Moroccan poet and writer of a book of short stories

Hafsa Bekri-Lamrani (born 1948) is a Moroccan poet and writer of a book of short stories, Jellabiates (2001). She published: Tendresse et autres lumières and Sparks of Life, two collections of poetry at Aïni Bennai editions, Casablanca (2004). In 2021 she published Et pourtant elle rêve, a novel in French.She was invited for a writing residence in 2002 in England (Art-UK - Writing on the Wall) in Hadrian's Wall region where there were Moroccans at the beginning of the second century. A journal of this residence is published on the net: Berbers in Solway: Journal of a Moroccan poet. In 2009 she published The call of Hagar in Women writing Africa, The Northern Region (Feminist Press New York.) She is a member of the Centre d’études et de recherche sur la Méditerranée and of the Medina Sociocultural association. She was a nominee in 2012 for the Moroccan Women Mentoring and Networking Award.

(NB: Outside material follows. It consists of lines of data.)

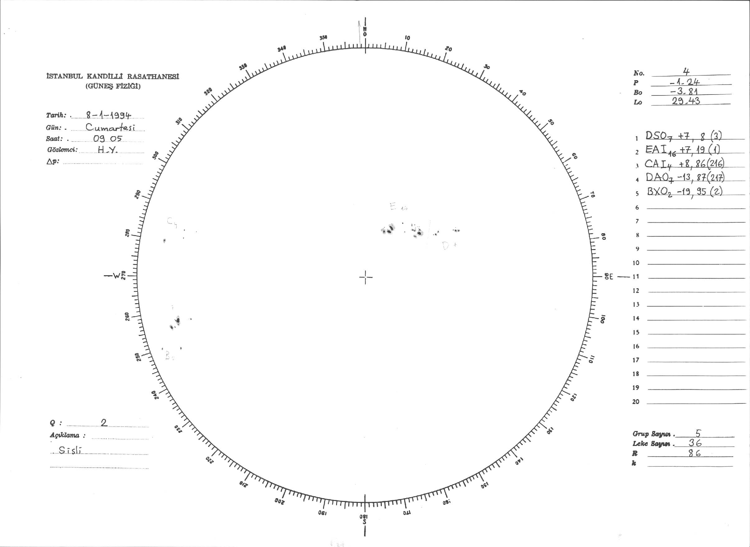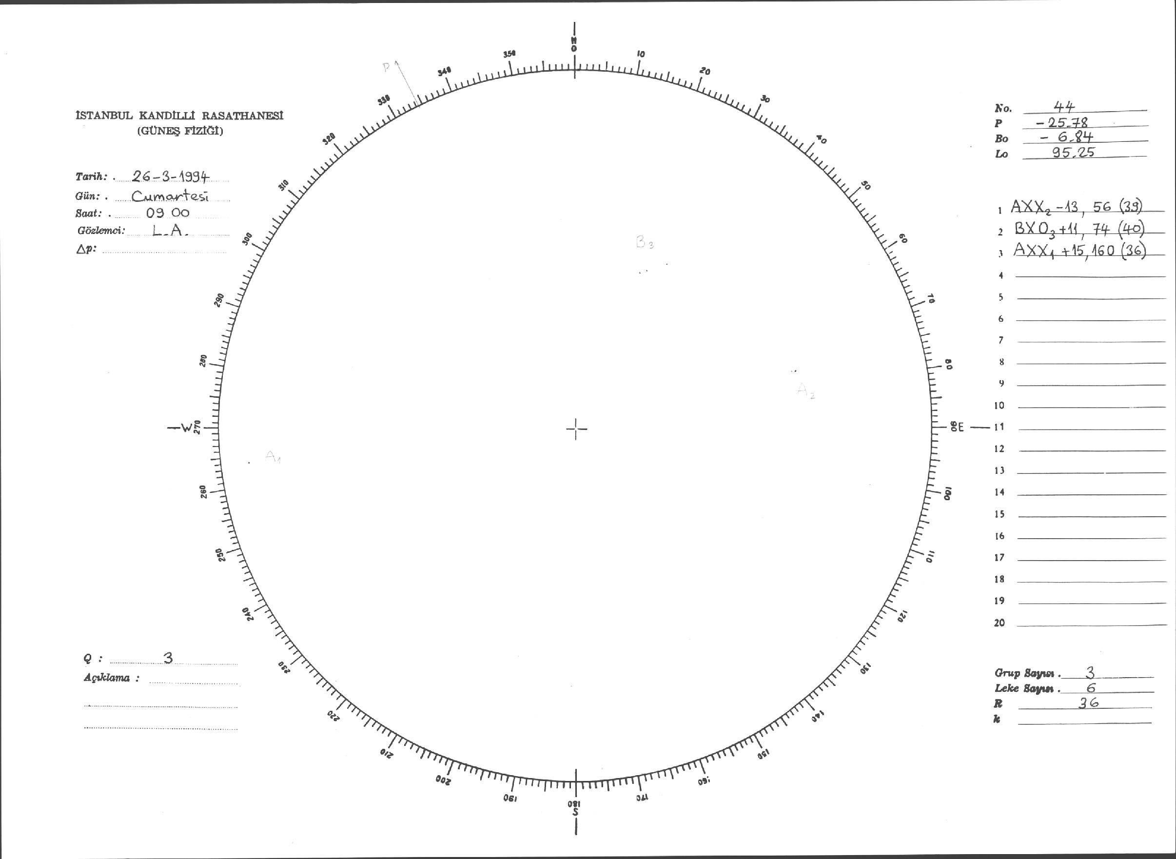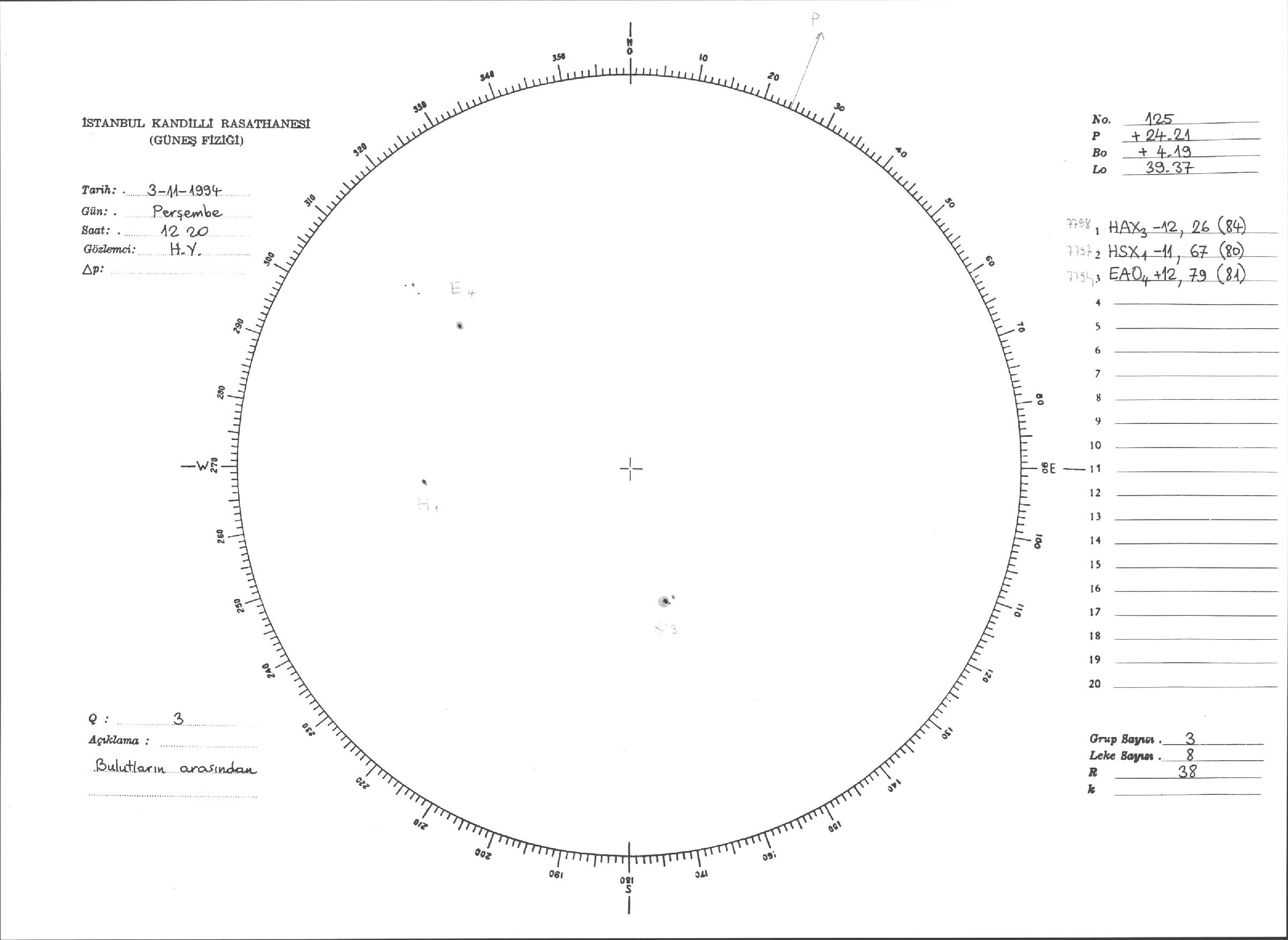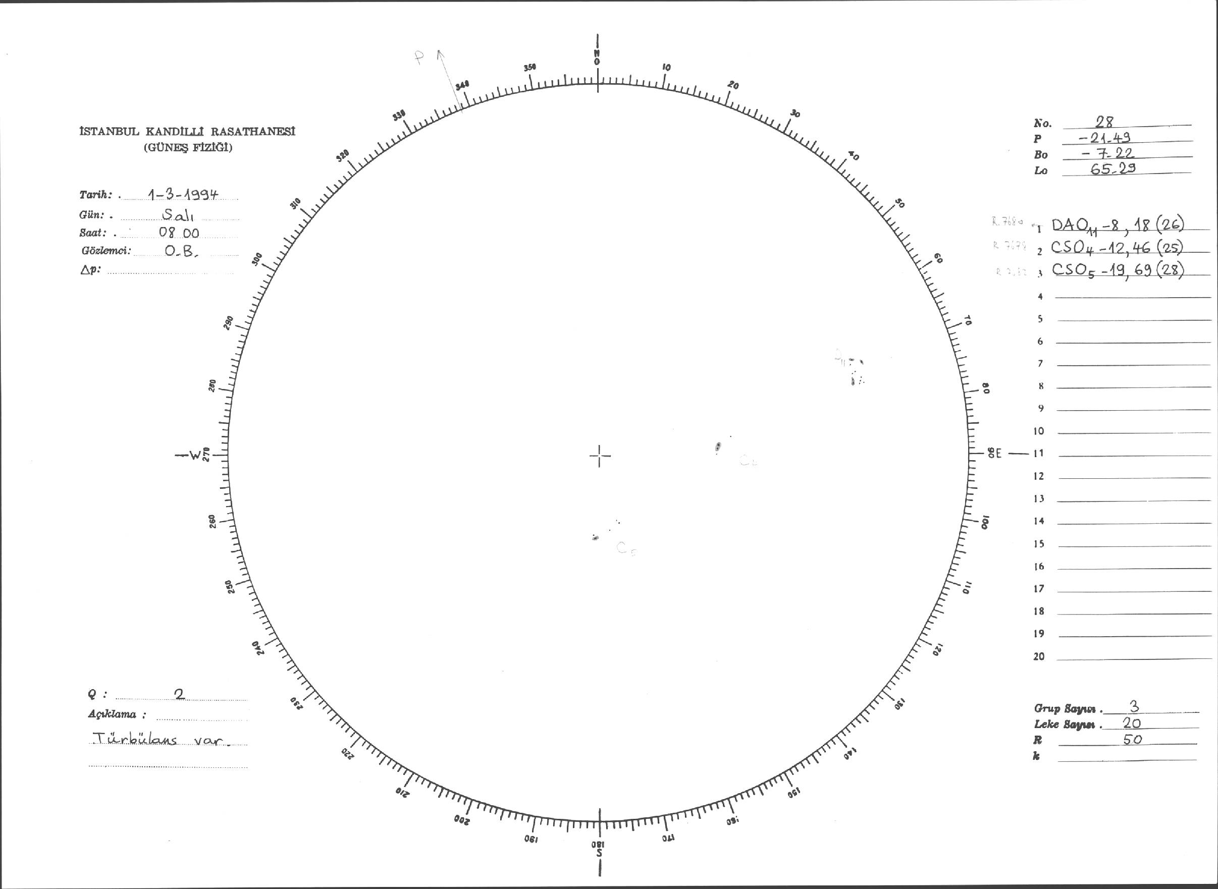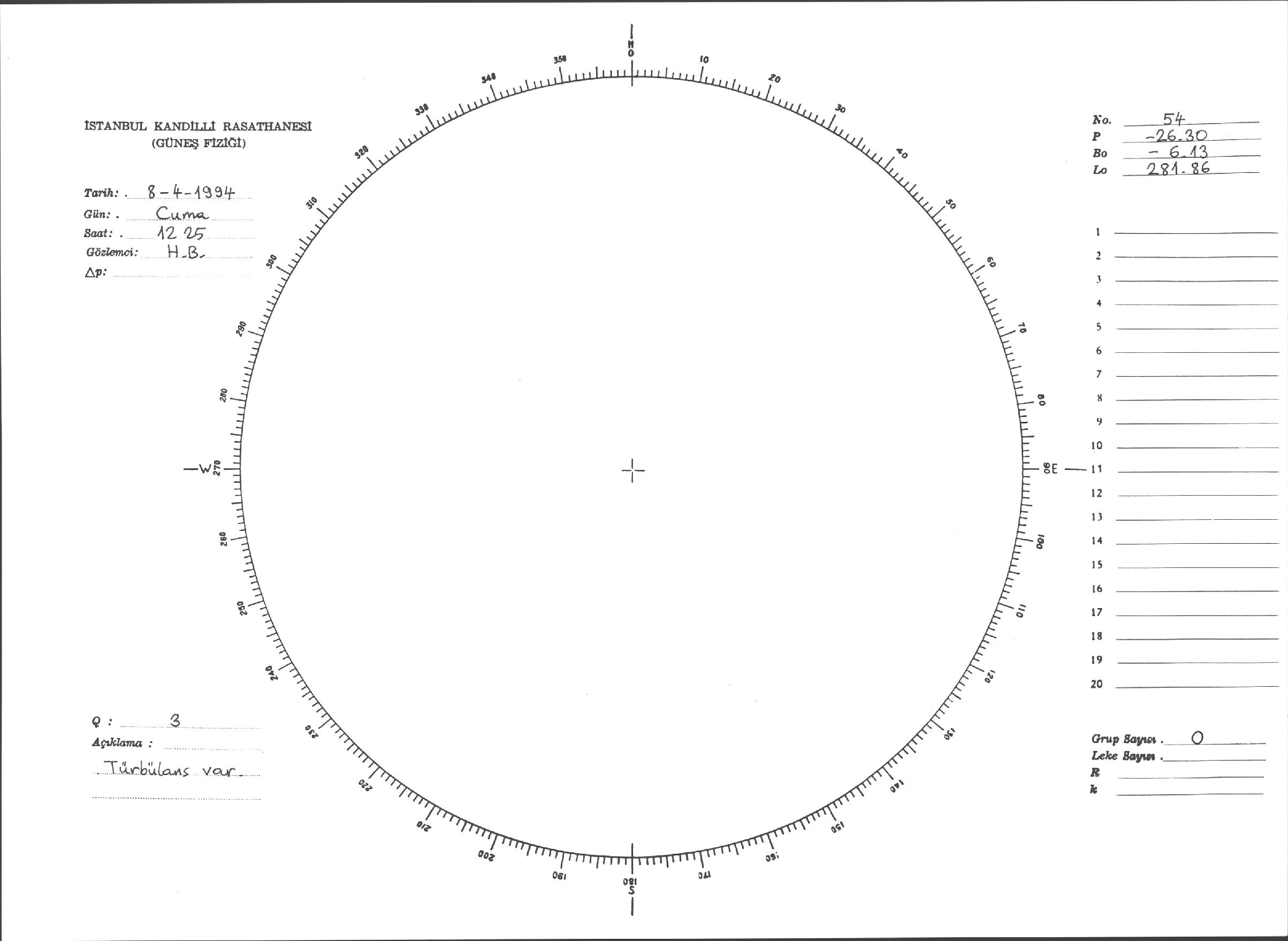 Güneş Lekesi Çizimleri / Kandilli Sunspot Drawings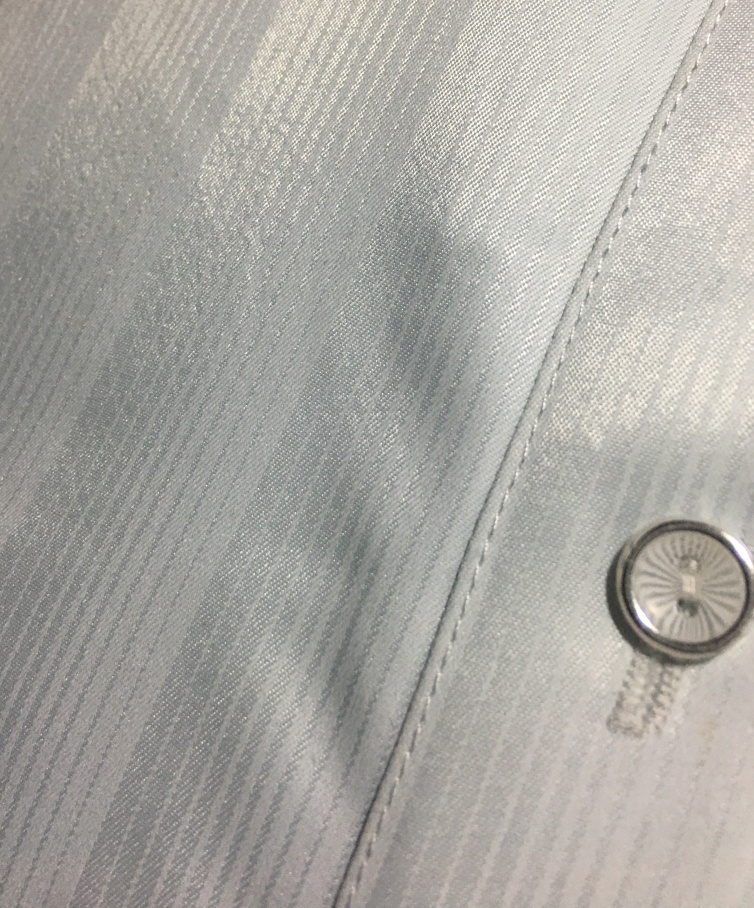 Qamis original de couleur gris clair avec poche stylée stylé. Tissu satiné avec rayures discrètes. Boutons blanc avec bordure argentée...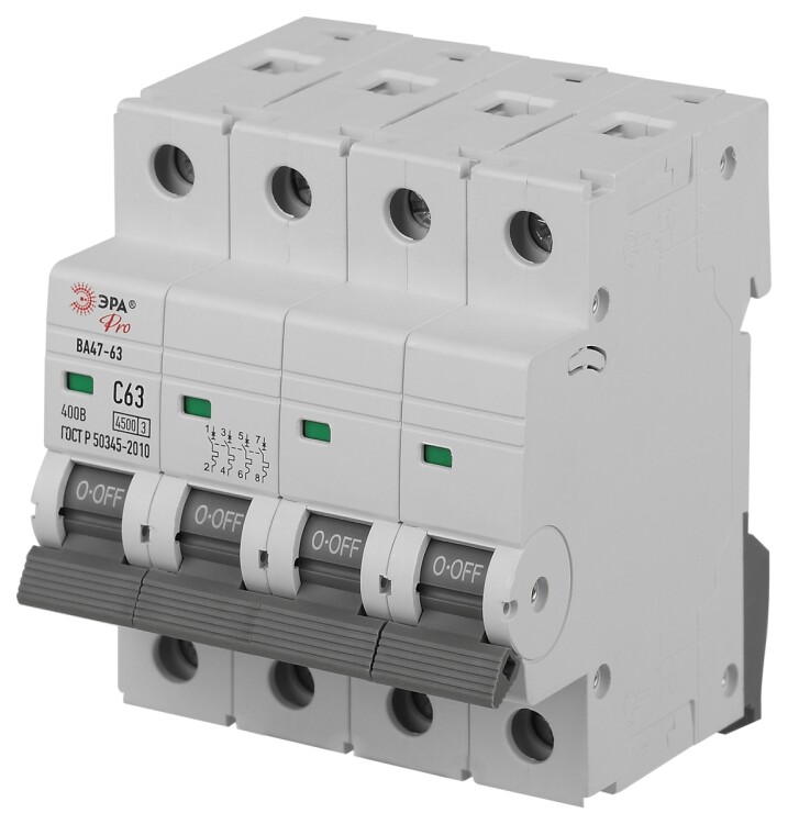 <p>Автоматический выключатель - контактный коммутационный аппарат, способный включать токи, проводить их и отключать при нормальных условиях в цепи, а также включать, проводить в течение нормированного (заданного) времени и автоматически отключать токи при нормированных ненормальных условиях в цепи, таких, как токи короткого замыкания. Автоматические выключатели бывают одно-, двух-, трёх- или четырёхполюсными и имеют следующие конструктивные узлы: главную контактную систему, дугогасительную систему, привод расцепляющего устройства, расцепители. Автоматические выключатели ВА47-63 предназначены для защиты распределительных и групповых цепей, имеющих различную нагрузку: электроприборы, освещение выключатели с характеристикой В; двигатели с небольшими пусковыми токами (компрессор, вентилятор) выключатели с характеристикой C; двигатели с большими пусковыми токами (подъемные механизмы, насосы) выключатели с характеристикой D.</p>

She lives in Casablanca, where she retired as an English Teacher . She is a founding member of the first House of Poetry in Morocco and of the Center for Mediterranean Center and In 2001 became a member of the Union of Moroccan Writers.

In 1995 Hafsa participated in the 4th Conference on Women in Beijing where she presented a research paper entitled : "Signs and Sounds of Maghrebi Women".

Hafsa had a writing residence in April 2002 in Bowness on Solway, which had originally been a site where Moroccan Auxiliaries had been stationed with Roman Emperor Hadrian. She explored the landscape, grew to know the local people and commented on this small Cumbrian Village's culture, and friendliness. She also gave readings in local Primary Schools and helped to further cement Anglo-Moroccan relations, in a time of heightened tension.